=== TASK PROMPT ===
What's needed is an exact copy of all the data below, without pictures.

=== PROVIDED MATERIAL ===
'''
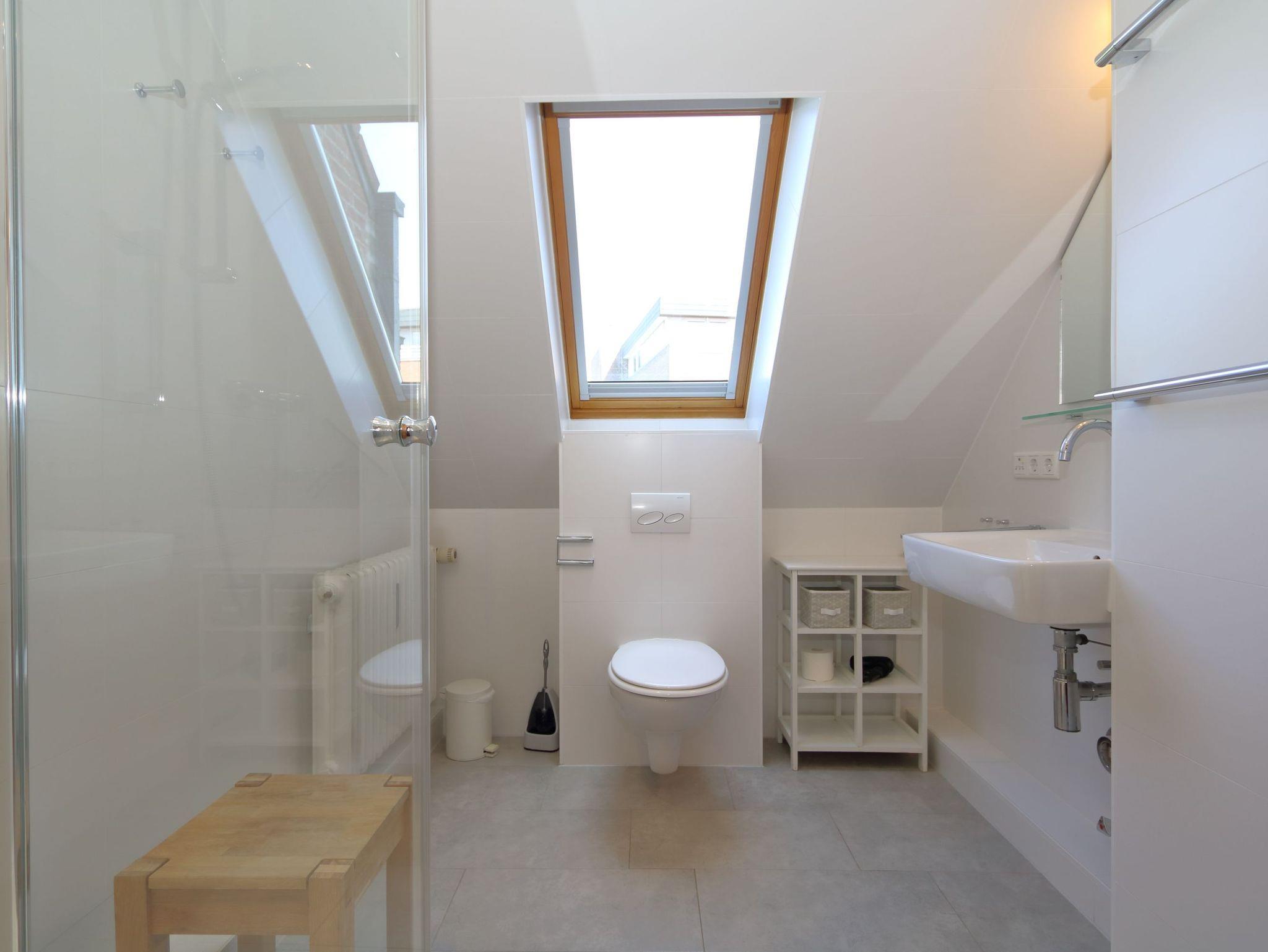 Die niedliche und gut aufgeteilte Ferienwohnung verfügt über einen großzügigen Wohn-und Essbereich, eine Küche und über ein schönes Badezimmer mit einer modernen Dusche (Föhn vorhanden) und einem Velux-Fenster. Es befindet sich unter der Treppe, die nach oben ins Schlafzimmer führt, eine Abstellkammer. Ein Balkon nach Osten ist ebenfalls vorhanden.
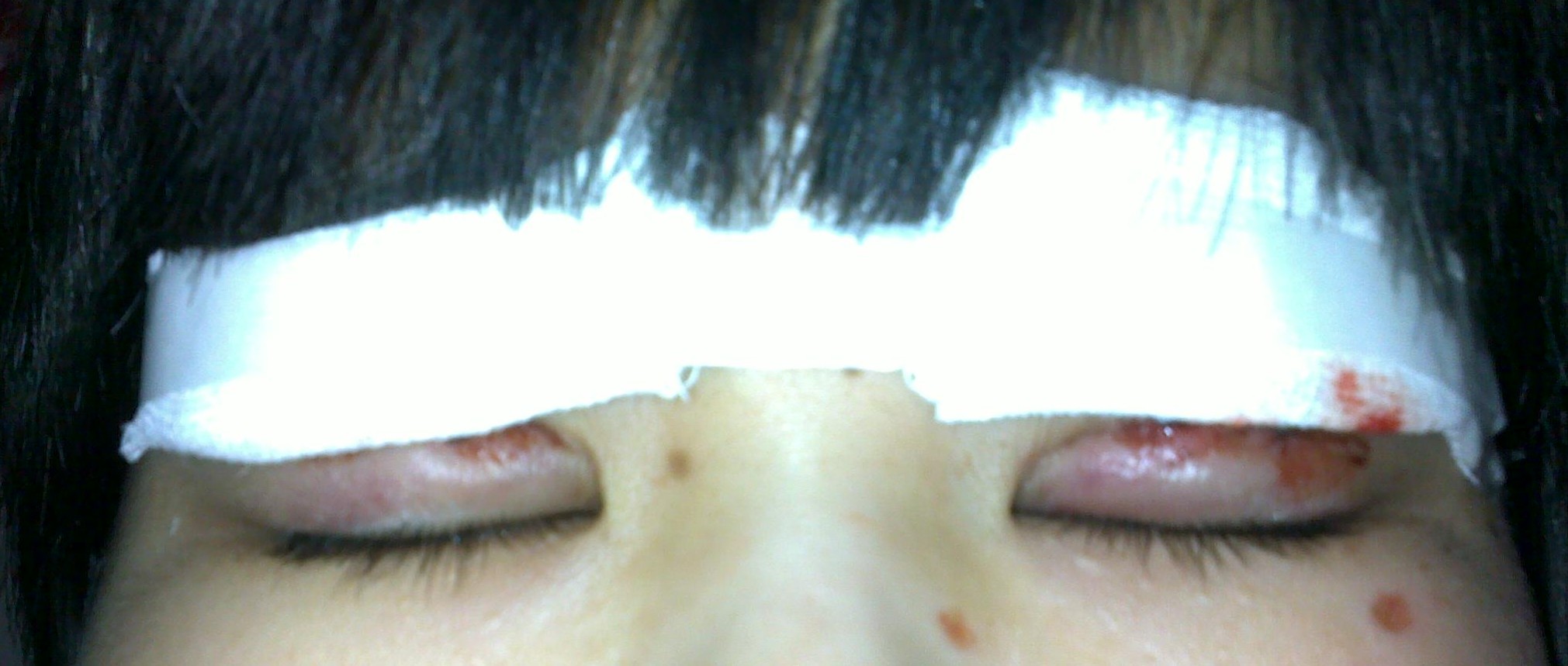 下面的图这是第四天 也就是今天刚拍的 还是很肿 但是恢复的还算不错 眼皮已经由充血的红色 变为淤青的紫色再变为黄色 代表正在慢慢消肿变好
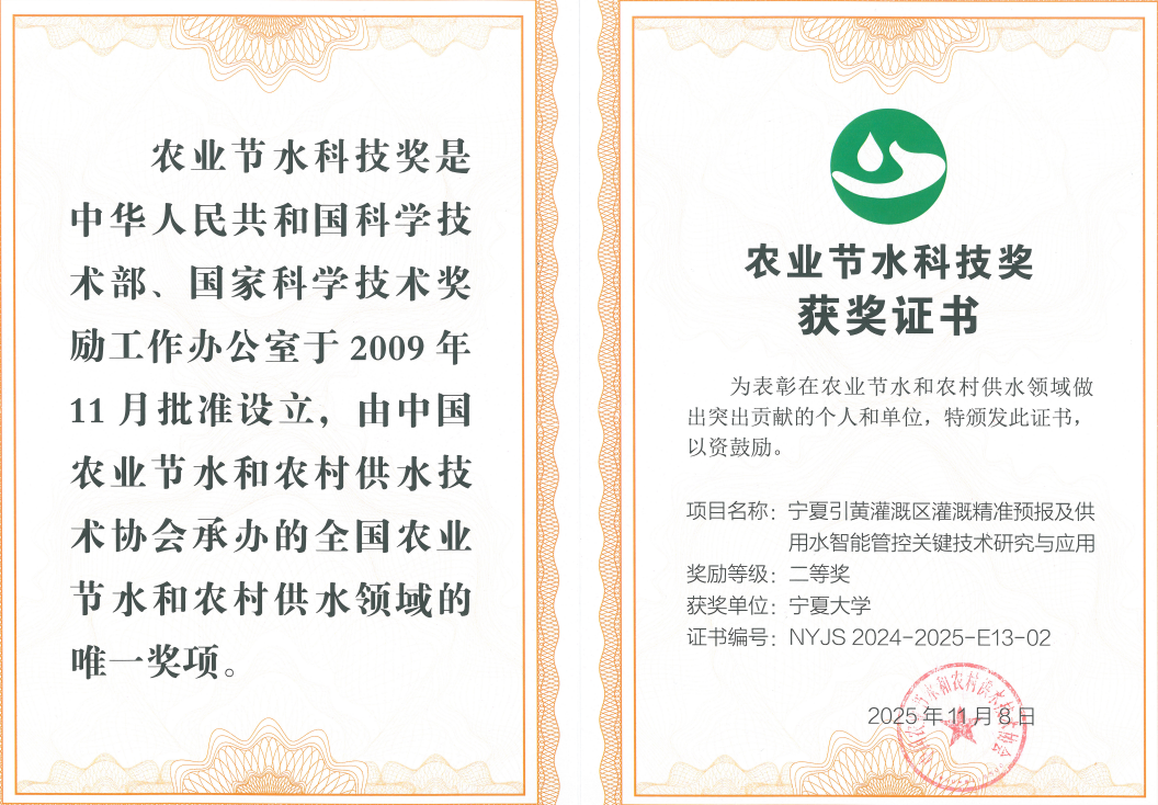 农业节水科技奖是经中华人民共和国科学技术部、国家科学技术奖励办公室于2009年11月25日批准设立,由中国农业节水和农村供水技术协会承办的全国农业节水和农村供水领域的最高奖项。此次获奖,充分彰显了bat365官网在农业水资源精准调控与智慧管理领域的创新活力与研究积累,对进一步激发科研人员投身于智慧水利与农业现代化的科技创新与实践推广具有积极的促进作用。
'''
=== ANSWER BOX ===
 Die niedliche und gut aufgeteilte Ferienwohnung verfügt über einen großzügigen Wohn-und Essbereich, eine Küche und über ein schönes Badezimmer mit einer modernen Dusche (Föhn vorhanden) und einem Velux-Fenster. Es befindet sich unter der Treppe, die nach oben ins Schlafzimmer führt, eine Abstellkammer. Ein Balkon nach Osten ist ebenfalls vorhanden.
 下面的图这是第四天 也就是今天刚拍的 还是很肿 但是恢复的还算不错 眼皮已经由充血的红色 变为淤青的紫色再变为黄色 代表正在慢慢消肿变好
 农业节水科技奖是经中华人民共和国科学技术部、国家科学技术奖励办公室于2009年11月25日批准设立,由中国农业节水和农村供水技术协会承办的全国农业节水和农村供水领域的最高奖项。此次获奖,充分彰显了bat365官网在农业水资源精准调控与智慧管理领域的创新活力与研究积累,对进一步激发科研人员投身于智慧水利与农业现代化的科技创新与实践推广具有积极的促进作用。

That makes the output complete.